- [Recorded information]:

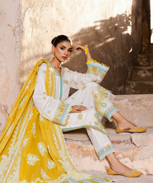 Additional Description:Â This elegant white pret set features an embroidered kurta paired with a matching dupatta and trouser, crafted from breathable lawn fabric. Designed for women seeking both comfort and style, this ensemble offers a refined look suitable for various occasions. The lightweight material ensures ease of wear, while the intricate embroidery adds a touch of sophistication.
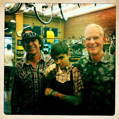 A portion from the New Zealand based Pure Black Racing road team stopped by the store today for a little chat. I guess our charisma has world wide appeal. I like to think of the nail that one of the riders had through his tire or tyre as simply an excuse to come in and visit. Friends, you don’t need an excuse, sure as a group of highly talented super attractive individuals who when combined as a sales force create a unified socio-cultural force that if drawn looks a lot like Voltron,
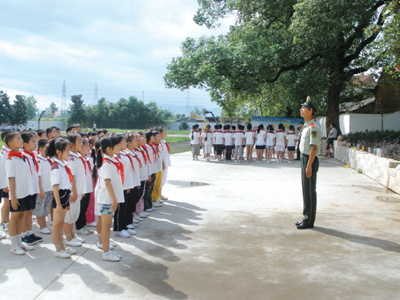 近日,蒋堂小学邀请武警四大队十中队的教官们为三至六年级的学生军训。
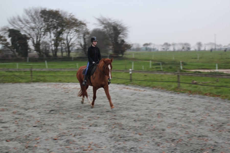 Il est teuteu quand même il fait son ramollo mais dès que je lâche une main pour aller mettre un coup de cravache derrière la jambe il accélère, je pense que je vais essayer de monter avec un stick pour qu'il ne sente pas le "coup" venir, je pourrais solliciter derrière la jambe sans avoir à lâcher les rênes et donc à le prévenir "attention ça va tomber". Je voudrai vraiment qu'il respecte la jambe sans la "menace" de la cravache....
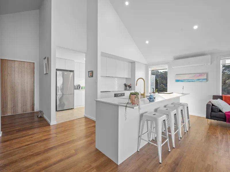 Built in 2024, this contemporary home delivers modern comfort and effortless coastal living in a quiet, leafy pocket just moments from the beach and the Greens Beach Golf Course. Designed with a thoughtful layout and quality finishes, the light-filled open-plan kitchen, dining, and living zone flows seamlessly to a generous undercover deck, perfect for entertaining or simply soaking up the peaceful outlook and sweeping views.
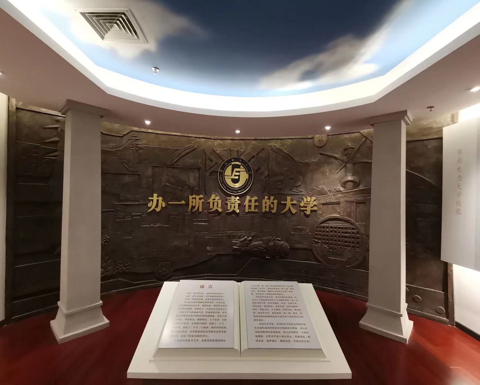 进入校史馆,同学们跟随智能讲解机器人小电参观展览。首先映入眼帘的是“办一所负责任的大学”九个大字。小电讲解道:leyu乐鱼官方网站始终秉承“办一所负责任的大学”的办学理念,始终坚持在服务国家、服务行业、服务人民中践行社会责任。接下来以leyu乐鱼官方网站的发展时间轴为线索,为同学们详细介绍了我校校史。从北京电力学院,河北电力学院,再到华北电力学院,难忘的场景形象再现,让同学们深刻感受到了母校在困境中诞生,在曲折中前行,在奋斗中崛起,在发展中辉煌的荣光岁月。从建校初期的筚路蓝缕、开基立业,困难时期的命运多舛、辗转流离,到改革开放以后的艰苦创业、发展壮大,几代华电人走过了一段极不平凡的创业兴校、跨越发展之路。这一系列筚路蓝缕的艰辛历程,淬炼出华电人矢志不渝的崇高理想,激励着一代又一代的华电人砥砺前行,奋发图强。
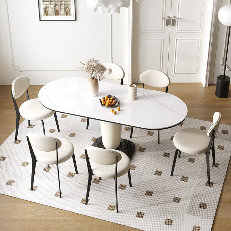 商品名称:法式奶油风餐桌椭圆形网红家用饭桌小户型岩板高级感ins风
...
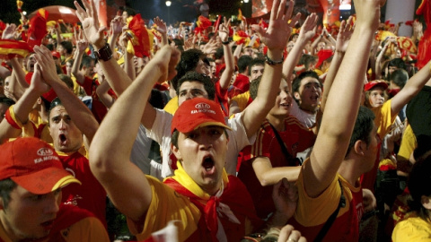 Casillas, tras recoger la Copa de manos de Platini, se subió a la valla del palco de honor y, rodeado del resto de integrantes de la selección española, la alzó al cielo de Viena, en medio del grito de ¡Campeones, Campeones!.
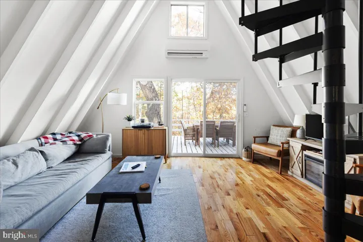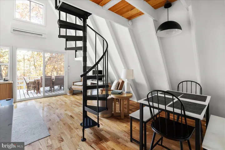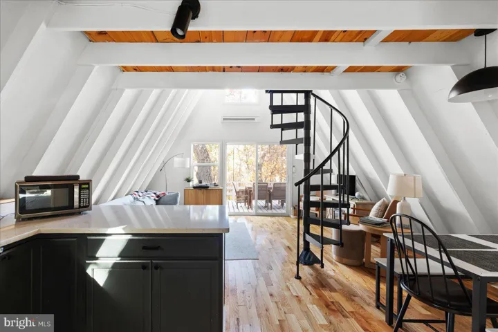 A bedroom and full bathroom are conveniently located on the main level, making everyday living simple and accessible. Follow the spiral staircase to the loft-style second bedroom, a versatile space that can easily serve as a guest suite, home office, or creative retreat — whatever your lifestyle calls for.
--
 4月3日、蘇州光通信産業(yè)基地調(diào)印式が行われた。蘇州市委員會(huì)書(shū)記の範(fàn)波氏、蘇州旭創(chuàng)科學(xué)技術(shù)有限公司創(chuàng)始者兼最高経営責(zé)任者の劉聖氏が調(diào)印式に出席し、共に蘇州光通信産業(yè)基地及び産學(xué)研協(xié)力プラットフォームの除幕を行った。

- [What you have to do]: Only the lines starting at the one with "Additional Description:Â This" and ending at the one with "Il est teuteu" should be printed, each exactly as it appears in the material above; the pictures are to be omitted.

- [Solved exercise]:
 Additional Description:Â This elegant white pret set features an embroidered kurta paired with a matching dupatta and trouser, crafted from breathable lawn fabric. Designed for women seeking both comfort and style, this ensemble offers a refined look suitable for various occasions. The lightweight material ensures ease of wear, while the intricate embroidery adds a touch of sophistication.
 A portion from the New Zealand based Pure Black Racing road team stopped by the store today for a little chat. I guess our charisma has world wide appeal. I like to think of the nail that one of the riders had through his tire or tyre as simply an excuse to come in and visit. Friends, you don’t need an excuse, sure as a group of highly talented super attractive individuals who when combined as a sales force create a unified socio-cultural force that if drawn looks a lot like Voltron,
 近日,蒋堂小学邀请武警四大队十中队的教官们为三至六年级的学生军训。
 Il est teuteu quand même il fait son ramollo mais dès que je lâche une main pour aller mettre un coup de cravache derrière la jambe il accélère, je pense que je vais essayer de monter avec un stick pour qu'il ne sente pas le "coup" venir, je pourrais solliciter derrière la jambe sans avoir à lâcher les rênes et donc à le prévenir "attention ça va tomber". Je voudrai vraiment qu'il respecte la jambe sans la "menace" de la cravache....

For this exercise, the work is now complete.